→ The data:
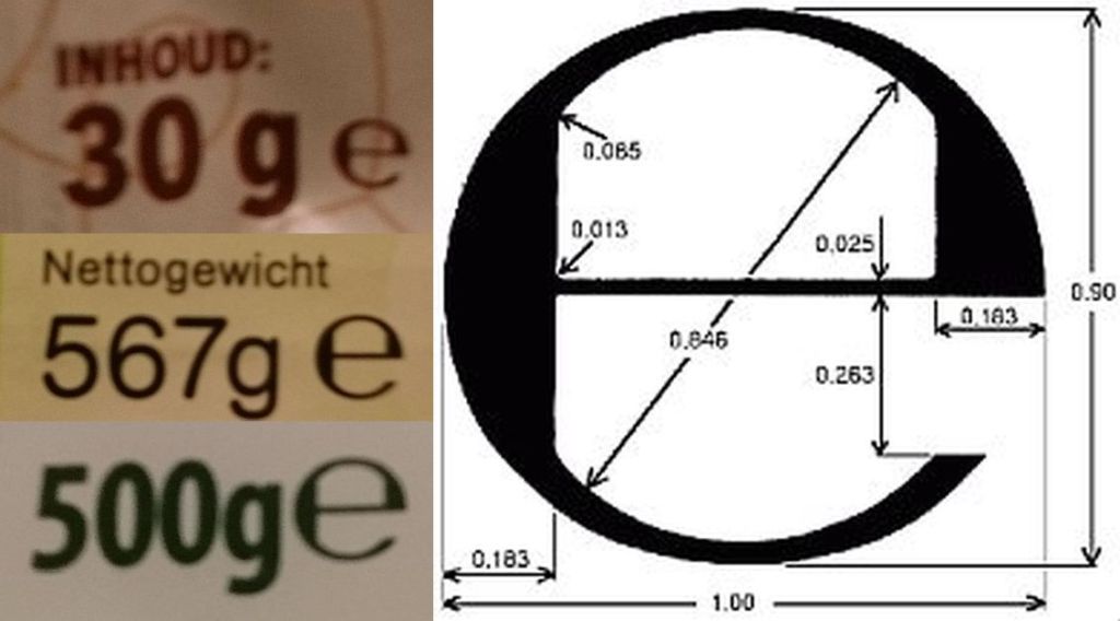 Je kunt het euro-symbool € zien als een gestileerde E en er zijn meer betekenissen die naar Europa verwijzen. Zo is het e-teken een gestandaardiseerde, gestileerde kleine letter e. Deze e staat op talloze voorverpakte waren en geeft de hoeveelheid aan volgens een genormeerd systeem. Ik heb altijd gedacht dat het een afkorting was van ofwel het Engelse estimated, ‘geschat’, ofwel het Franse environ, ‘ongeveer’, maar het blijkt een afkorting van ‘EEG-teken’, en geeft aan dat de hoeveelheid in de betreffende verpakking voldoet aan een Europese Richtlijn. Die richtlijn geeft marges aan waarbinnen de aangegeven hoeveelheid moet vallen. Het getal achter de e is dus een gemiddelde. Als er bij de inhoud geen e-teken staat moet de aangegeven hoeveelheid er minimaal in zitten.
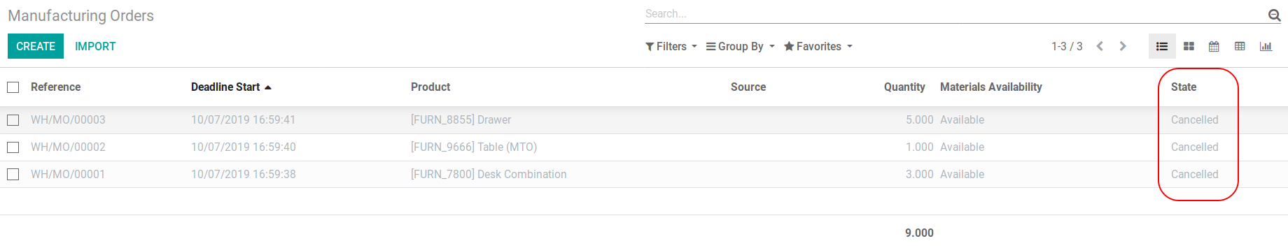 Following image shows in list view of Manufacturing User can select more than one order for cancellation:
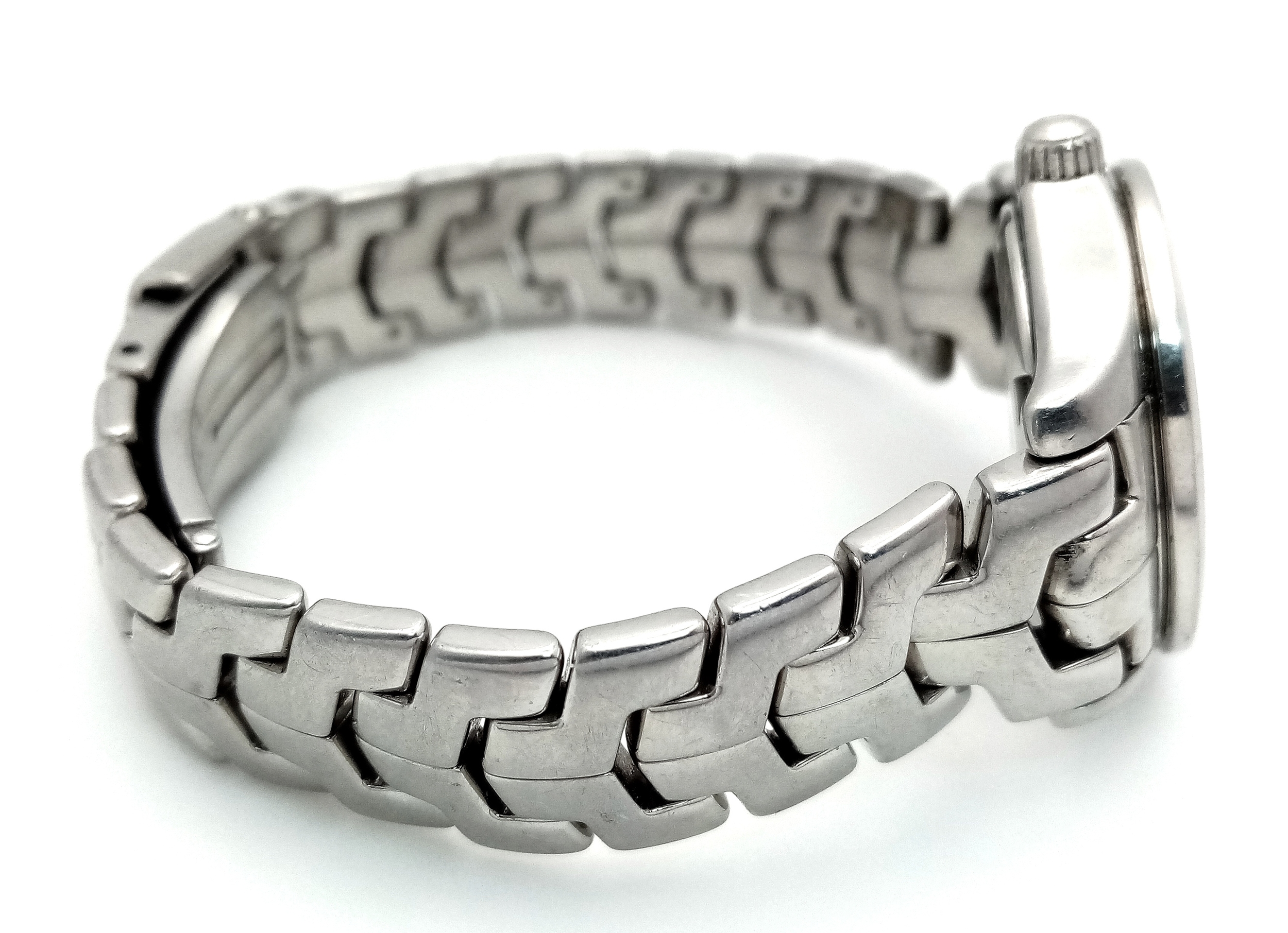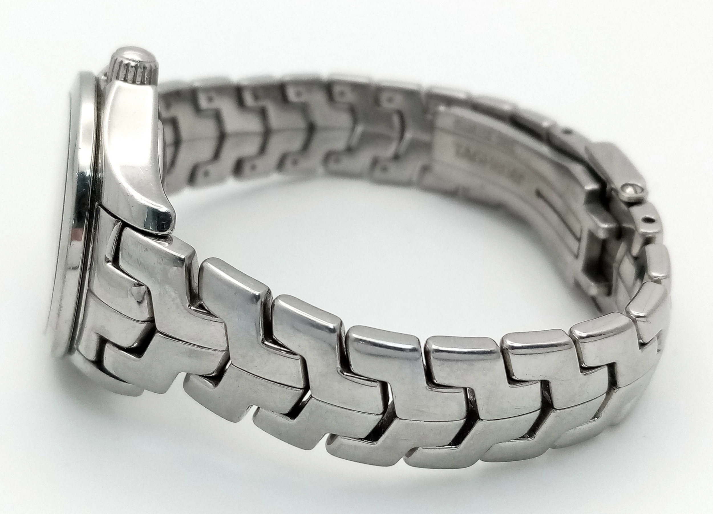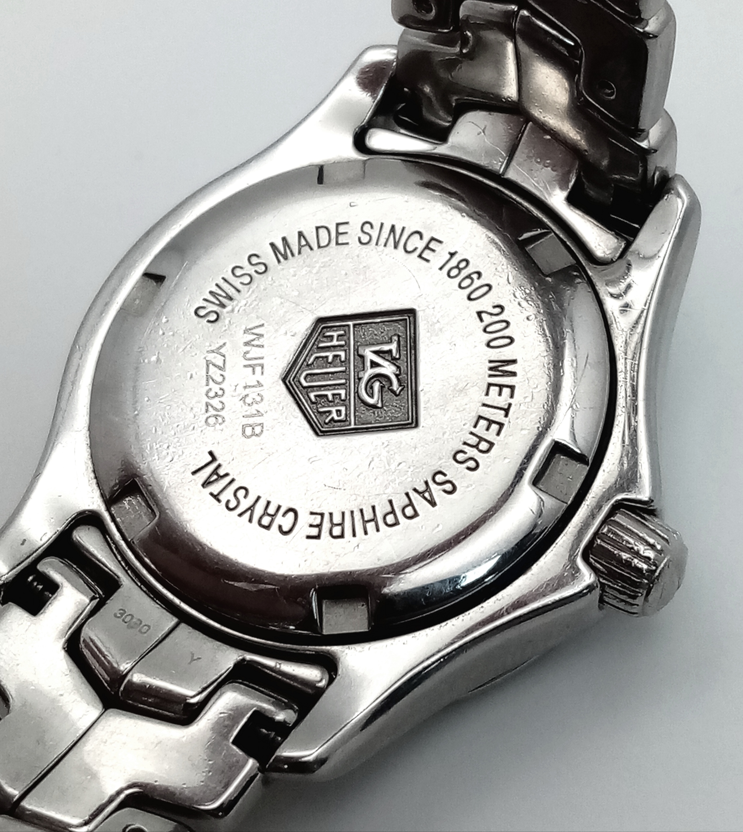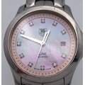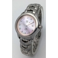 A Tag Heuer Link Mother of Pearl Ladies Quartz Watch. Model - WJFT31B. Stainless steel bracelet and case - 28mm. Pink dial with diamond markers. In working order. Comes with a WCSA report. STK025389

→ Requirement:
Each line of the listing must be restated word for word, and the pictures left out.

→ Exercise result:
 Je kunt het euro-symbool € zien als een gestileerde E en er zijn meer betekenissen die naar Europa verwijzen. Zo is het e-teken een gestandaardiseerde, gestileerde kleine letter e. Deze e staat op talloze voorverpakte waren en geeft de hoeveelheid aan volgens een genormeerd systeem. Ik heb altijd gedacht dat het een afkorting was van ofwel het Engelse estimated, ‘geschat’, ofwel het Franse environ, ‘ongeveer’, maar het blijkt een afkorting van ‘EEG-teken’, en geeft aan dat de hoeveelheid in de betreffende verpakking voldoet aan een Europese Richtlijn. Die richtlijn geeft marges aan waarbinnen de aangegeven hoeveelheid moet vallen. Het getal achter de e is dus een gemiddelde. Als er bij de inhoud geen e-teken staat moet de aangegeven hoeveelheid er minimaal in zitten.
 Following image shows in list view of Manufacturing User can select more than one order for cancellation:
 A Tag Heuer Link Mother of Pearl Ladies Quartz Watch. Model - WJFT31B. Stainless steel bracelet and case - 28mm. Pink dial with diamond markers. In working order. Comes with a WCSA report. STK025389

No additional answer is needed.